(The Center Square) – Illinois has just ranked as the second most corrupt state in a University of Illinois at Chicago report.
A good government reform group says lawmakers must pass reforms that make themselves uncomfortable to regain the public’s trust.
Using statistics from the U.S. Department of Justice, researchers at UIC found in the decades since 1976, Illinois had more corruption convictions per-capita than every other state except Louisiana.
“The statistics do not completely reflect it, but 2019 was a highly explosive year, during which some of the most important political corruption in the history of Chicago and Illinois was exposed,” researchers said. “Bombshell corruption news reports that year dethroned the city's most powerful alderman, upset Chicago's mayoral election campaign, torpedoed the most powerful and well-known candidate, and threatened the political existence of Speaker of the Illinois House of Representatives and Chairman of the State Democratic Party, Michael Madigan.”
In his State of the State and Budget speech last week, Gov. J.B. Pritzker made ethics reforms a priority.
“Nobody should hold the title of both legislator and lobbyist at the same time,” Pritzker said. “We need meaningful disclosure of conflicts of interest. We must end the General Assembly’s revolving door allowing legislators to get paid as lobbyists the day after they leave office.”
“Restoring the public’s trust is of paramount importance,” he said.

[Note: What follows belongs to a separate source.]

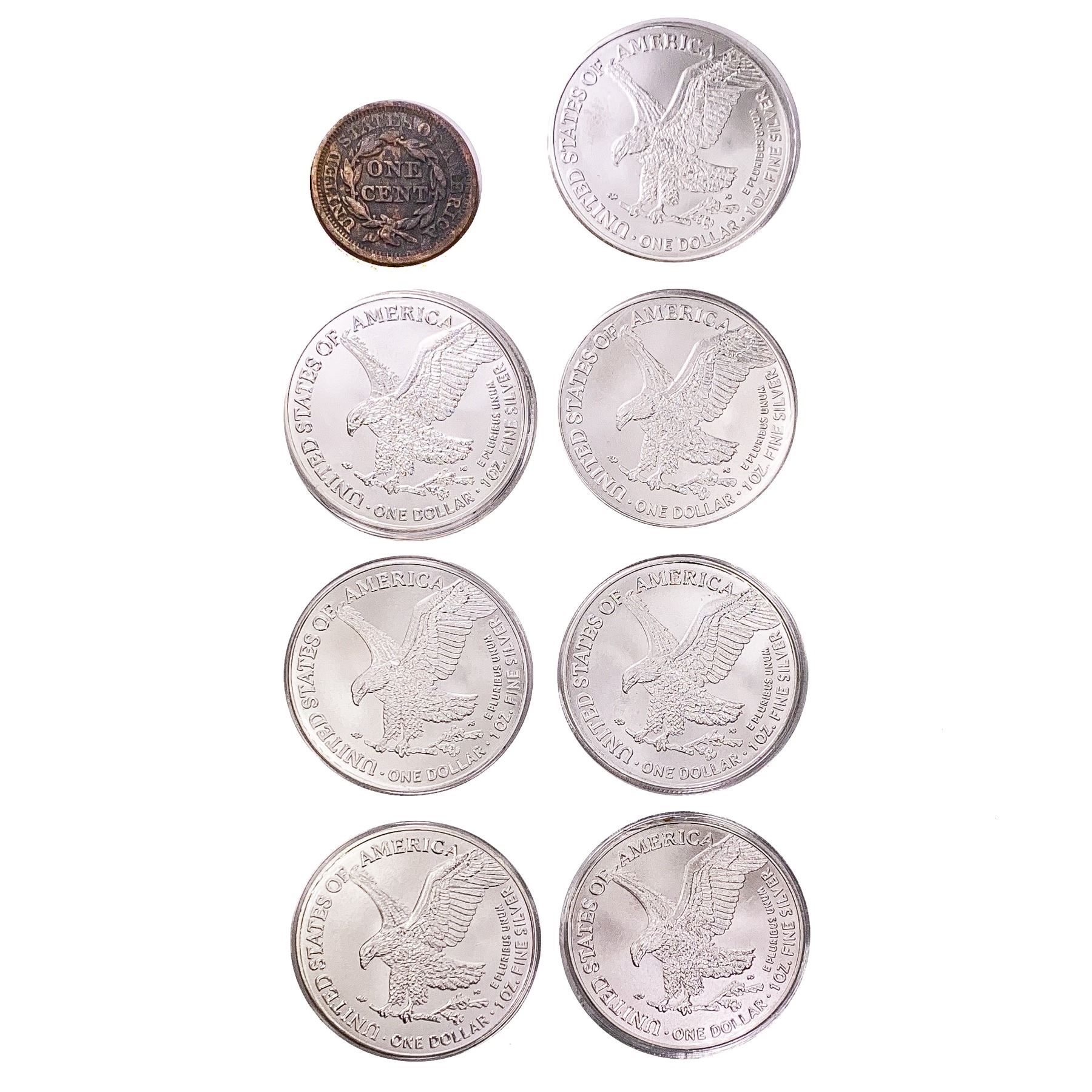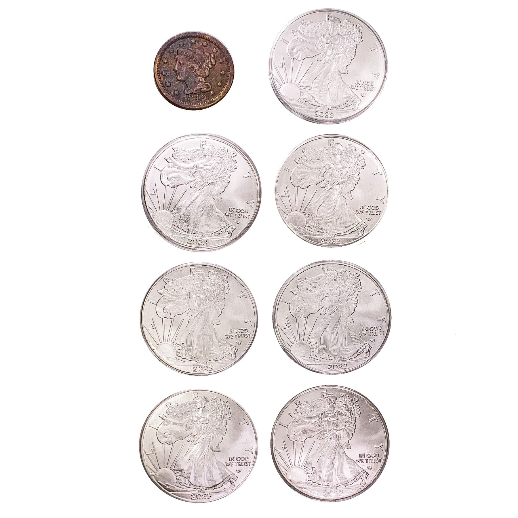 l. All non-certified coins and currency are guaranteed genuine, but are not guaranteed as to grade, since grading is a matter of opinion, an art and not a science, and therefore the description rendered by GSA or any third-party grading service may not agree with the opinion of others (including trained experts), and the same expert may not grade the same item with the same grade at two different times. GSA may, but is not obligated to, express an opinion as to non-certified numismatic items, in GSA's opinion, or by its employees' experience and the current interpretation of the American Numismatic Association's standards as of the date the catalog was prepared. There is no guarantee or warranty expressed or implied that the grading opinions utilized by GSA, if any, will meet the standards of any grading service at any time in the future.

His request last year was derailed as members of a task force on ethics and lobbying reforms blamed COVID-19 for not advancing substantive changes.

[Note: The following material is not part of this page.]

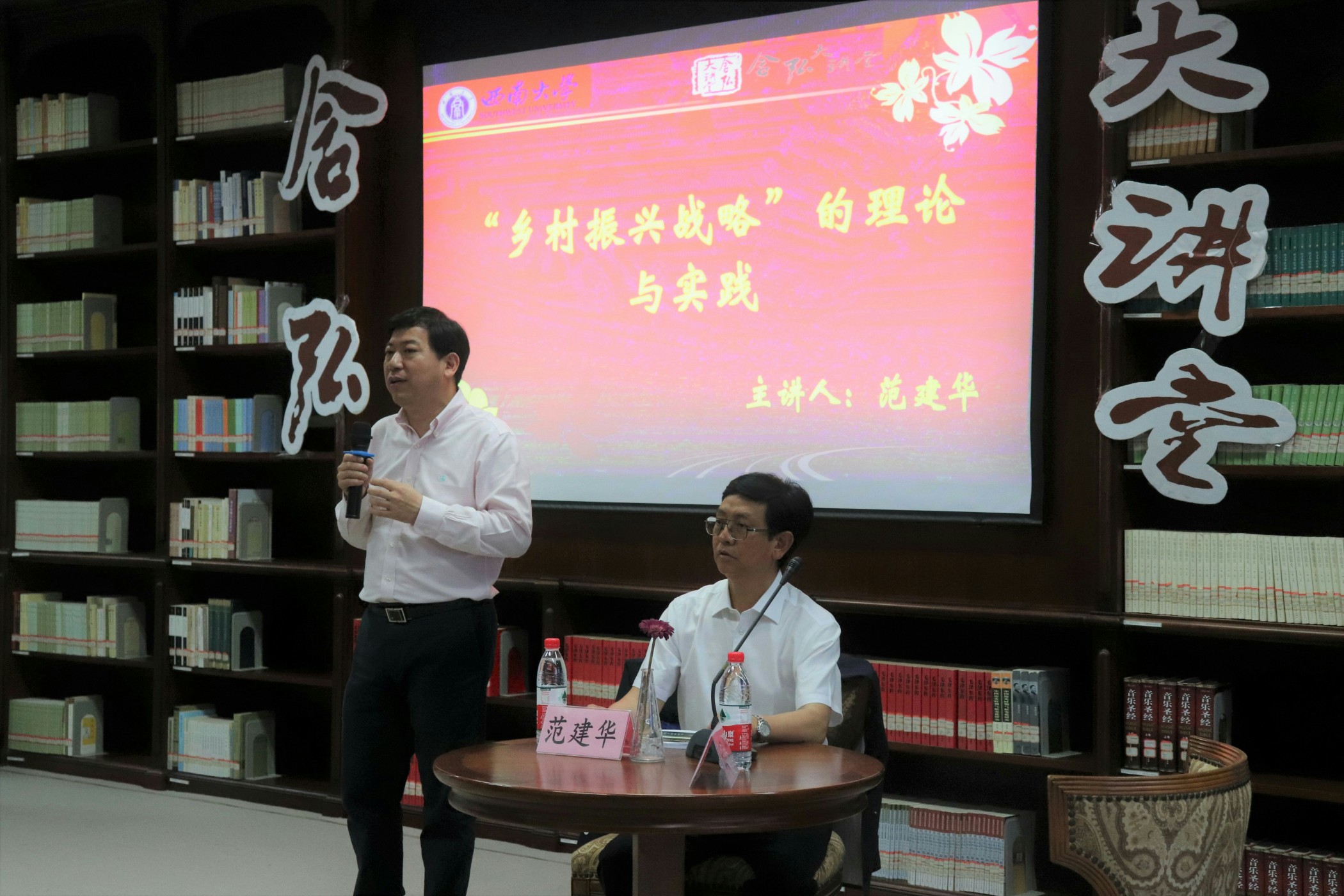 范建华研究员总结道,乡土文化,是中华优秀传统文化的基本内核。中华文化的根脉在乡村,实施“乡村振兴”战略的本质是回归并超越“乡土中国”,是在根本上解决我国“农业不发达、农村不兴旺、农民不富裕”的“三农”问题。“振兴乡村”就是“振兴中华”,就是中华民族伟大复兴中国梦的重要实现路径。他提出要构建现代农业产业体系、生产体系、经营体系;坚持农村优先发展,推动农业农村现代化,最终实现农业强、农村美、农民富的新目标。对于在座的同学,他鼓励他们在工作学习中将理论与实践结合,积极响应国家政策,走进乡村,振兴乡村。
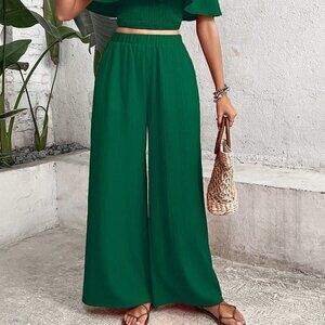 Green Boho Womens Off Shoulder Ruffle Trim Top & Wide Leg Pants

Reform For Illinois Executive Director Alisa Kaplan said the revolving door ban can’t be just six months as has been proposed before. It’s got to be one-to-two years. She said there are other areas where surface changes on economics disclosures won’t be enough. She said lawmakers must dig deep.
“Real meaningful reform that makes hard choices and may even hurt a little bit, it may hurt legislators a little bit, it may hurt their pocketbooks, it may mean more oversight for them, it may challenge them in ways they haven’t been challenged before,” Kaplan said.
One reform the governor didn’t mention that must pass is giving the Legislative Inspector General more independence to investigate claims against lawmakers.
“It’s completely toothless right now because [the Legislative Inspector General] has to ask legislators for permission to do everything, to conduct investigations, to publish reports, to subpoena witnesses, to do everything,” Kaplan said.
Any reforms must make lawmakers uncomfortable, or they won’t be meaningful, she said.
“If we’re going to move forward and we’re going to rebuild trust with the Illinois public, they're going to have to make those hard choices,” she said.
Neither the Illinois House nor Senate have any committee hearings scheduled. They’ve canceled in-person session days this month.